それもコンビニ食や外食チェーンが宅配しているお弁当ではなく、体のことを考え、栄養バランスのとれた「配食」を利用するのがベストです。
最近の配食は療養中の人や介護中の人のものだけではなく、糖尿や高血圧、痛風などが気になる方にあったお弁当もあります。
私たち「配食のふれ愛」では、原材料にこだわり栄養バランスのとれた食事をお弁当にしお届けてしています。今なら無料試食キャンペーン中ですので、お気軽にお試しいただけるようになっています。

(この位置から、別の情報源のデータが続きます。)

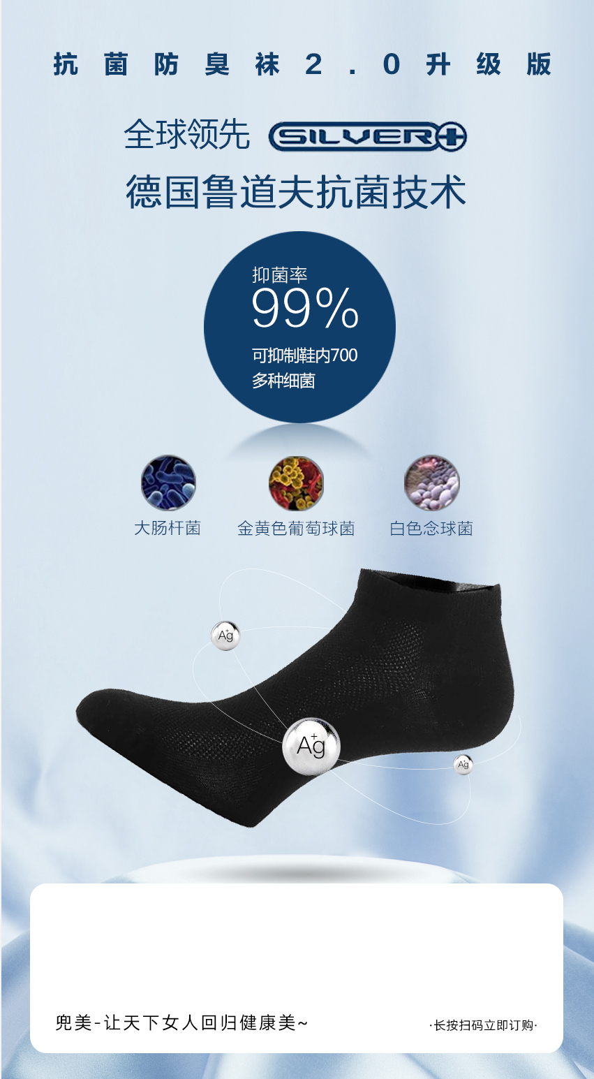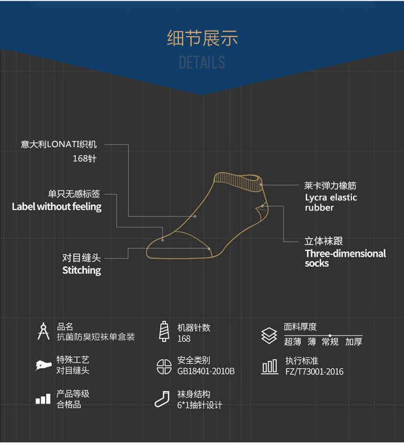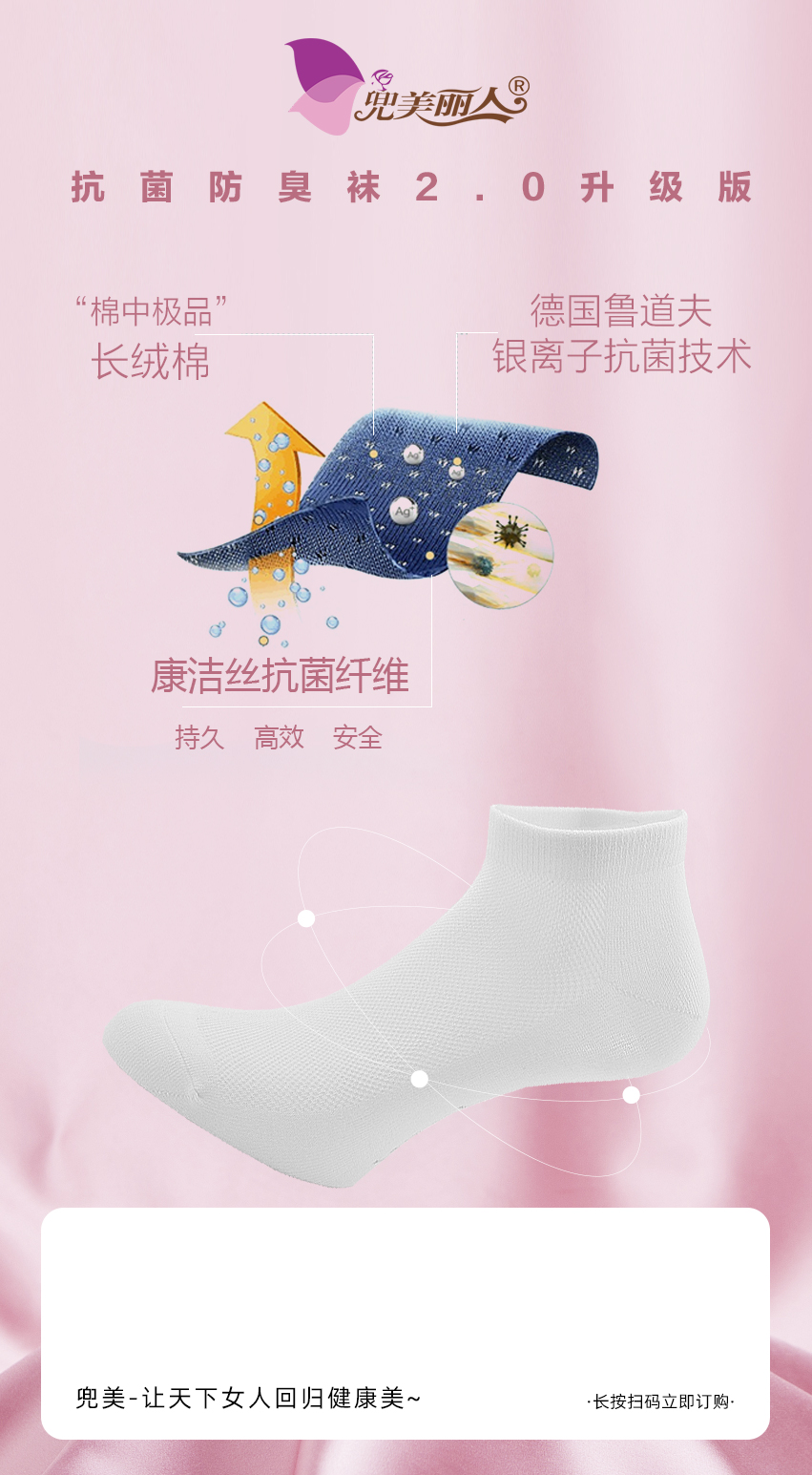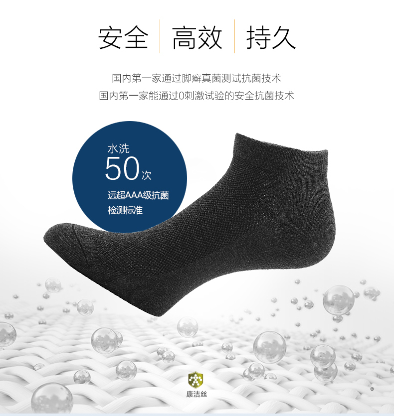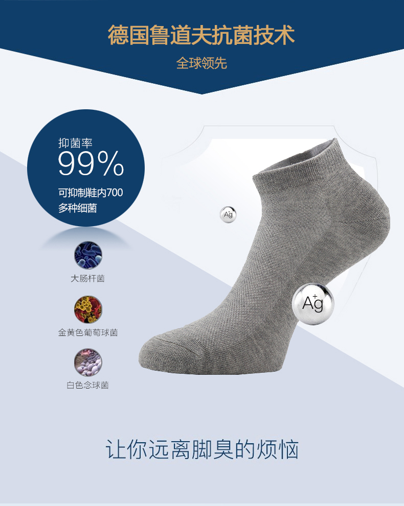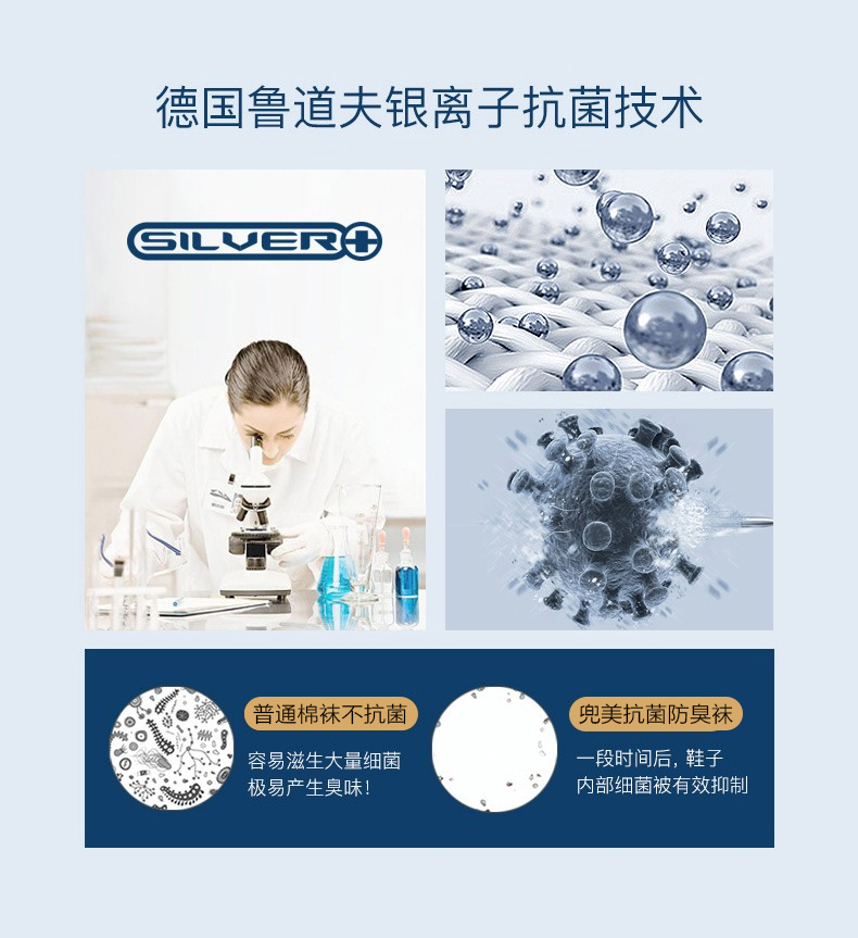 优质长绒棉,配合鲁道夫+康洁丝双重抗菌防臭技术,呵护足部健康,远离臭味烦恼。

お仕事場には難しいかもしれませんが、お家ならお休みの日などに利用してもらうと、毎食考えないといけない献立も楽になると思います。
痛風と食事対策まとめ
痛風は食事や食べ方を工夫することで改善へ向かうことでしょう。
また、食事は毎日のことですから、私たちの体にもっとも影響する部分でもありますので、丁寧に栄養分をとってバランスの良い体にしておきたいところです。
今回は食事で心がけたいことや食べ方の工夫についてお伝えいたしました。ぜひ参考にしていただき、あなたの食生活を今まで以上に整えていただけると幸いです。